Last fall, NYSDA presented a webinar on using the Commission on Prosecutorial Conduct in Defense Practice. A recording of the webinar is available for viewing by NYSDA attorney members in our on-demand CLE catalog. We thank Peter Santina, Civil Rights Corps, and Professor Nicole Smith Futrell for presenting this important topic.
When Courtrooms Undermine Public Defenders: Everyone Suffers and Other Experiences of Black and Non-white Warriors in Law
When Orayne Williams, a social worker at The Bronx Defenders and Director of their Adolescent Defense Project, walked into the Youth Part of Bronx Supreme Court one morning recently, as he does many mornings, he was met with hostility from a sergeant who barked at him, “Are you an attorney?” Orayne explained his role, but she pressed further, “I didn’t ask you that! Are you an attorney?” She went on to forbid Orayne from sitting in the front row of the courtroom, claiming that it was for attorneys only—not standard procedure in the Bronx.

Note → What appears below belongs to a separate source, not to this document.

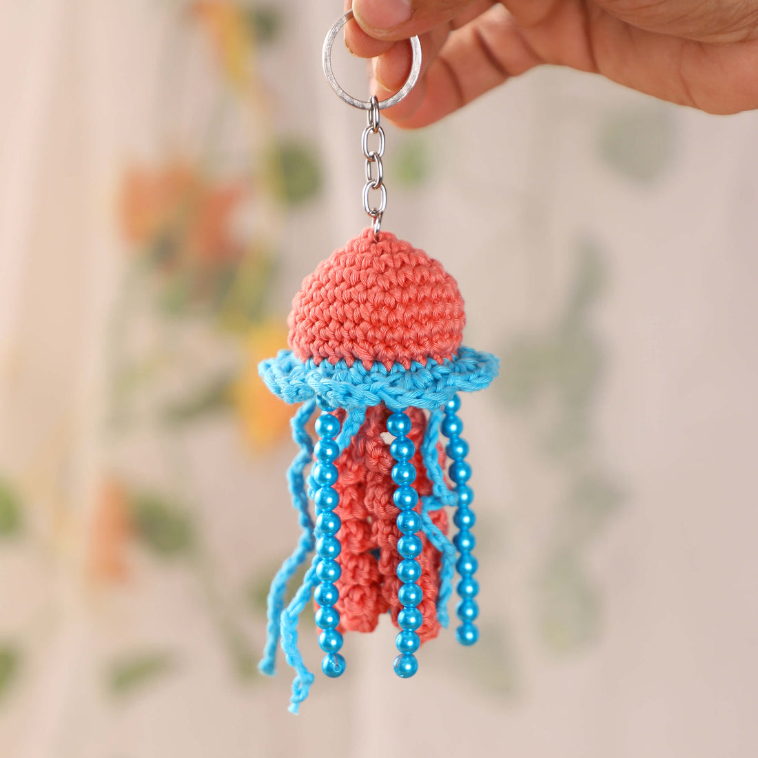 Handmade Crochet Jelly Fish Keychain-Sea Blue

While he waited, Orayne watched as an interpreter sat down in the front row without issue.
In his opinion piece written for the Bronx Times, Orayne goes on to reflect on the number of ways that non-white advocates, particularly social workers, are disparaged in the courtroom and treated as outsiders. All of this is done in front of their clients, and everyone else’s clients, who are often also not white, and who can internalize that these professionals and advocates are being discriminated against much in the same ways that they, too, can expect from court staff and even judges. Orayne makes the case that when public defender teams are disrespected and treated inhumanely, the entire system is degraded.
In his 2025 book, Warriors in Law: Black Attorney Profiles of New York City Public Defense, Zamir Ben-Dan—a former public defender in the Bronx, now professor of law at Temple University—interviewed and writes about the experiences of Black attorneys working in the legal system, and the indignities of racism they face day after day just to do their jobs.
As Orayne advocates in his editorial, courts must implement clear policies and rules, and court staff must be trained in “human service and basic respect.” Attorneys and white colleagues can also stand in solidarity with non-attorney advocates and members of the defense team by pushing back on this racism and classism when they see it playing out in real time—if the social worker on your team is barred from sitting in the front row, join them in the back and bring it to the court’s attention.